Contudo, nem a “relação especial” entre os dois líderes deverá dar frutos desta vez e a posição forte assumida por Merkel nos últimos dias reflecte isso mesmo. “Ela tem uma relação com ele, mas há limites para o impacto que isso possa ter”, nota Stefan Meister, do Conselho Europeu para as Relações Internacionais. “Putin tem uma estratégia muito clara em relação à Crimeia e não será persuadido pela Alemanha”, acrescentou o analista.
Isolamento russo
Na segunda-feira, os ministros dos Negócios Estrangeiros da UE vão reunir em Bruxelas para decidir se avançam para o próximo pacote de sanções contra a Rússia, que podem passar pelo congelamento de bens e pela suspensão de vistos de responsáveis russos. Mas mesmo sem a sua aplicação efectiva, a economia russa já está a sofrer com a incursão na Crimeia. A Goldman Sachs reviu em baixa as perspectivas de crescimento económico da Rússia, passando de 3 para 1%, e a bolsa de Moscovo atingiu o valor mais baixo dos últimos quatro anos.

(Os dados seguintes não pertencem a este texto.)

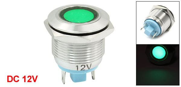 DC 12V Power Illuminated Green Light 19mm Signal Indicator Pilot Lamp
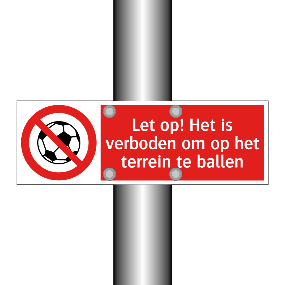 Verbodsbord met de tekst Let op! Het is verboden om op het terrein te ballen

Mais forte do que qualquer sanção económica poderá ser o impacto para o relevo da Rússia na cena internacional. Os países ocidentais “podem muito provavelmente concluir que Moscovo é um parceiro duvidoso, que colocou em causa o quadro de segurança, não só na Ucrânia mas na região”, nota John Lough. “A questão que se coloca é ‘quão valiosa é a cooperação que tínhamos com a Rússia até agora, e será que ainda precisamos dela?’.”
Em risco podem estar importantes negociações que sentam à mesa a Rússia e o Ocidente, tais como o grupo 5+1 para o desarmamento nuclear do Irão ou as conversações de paz sobre a Síria. O caminho a tomar pela Rússia poderá vir a ser a grande dor de cabeça dos líderes ocidentais nos próximos anos.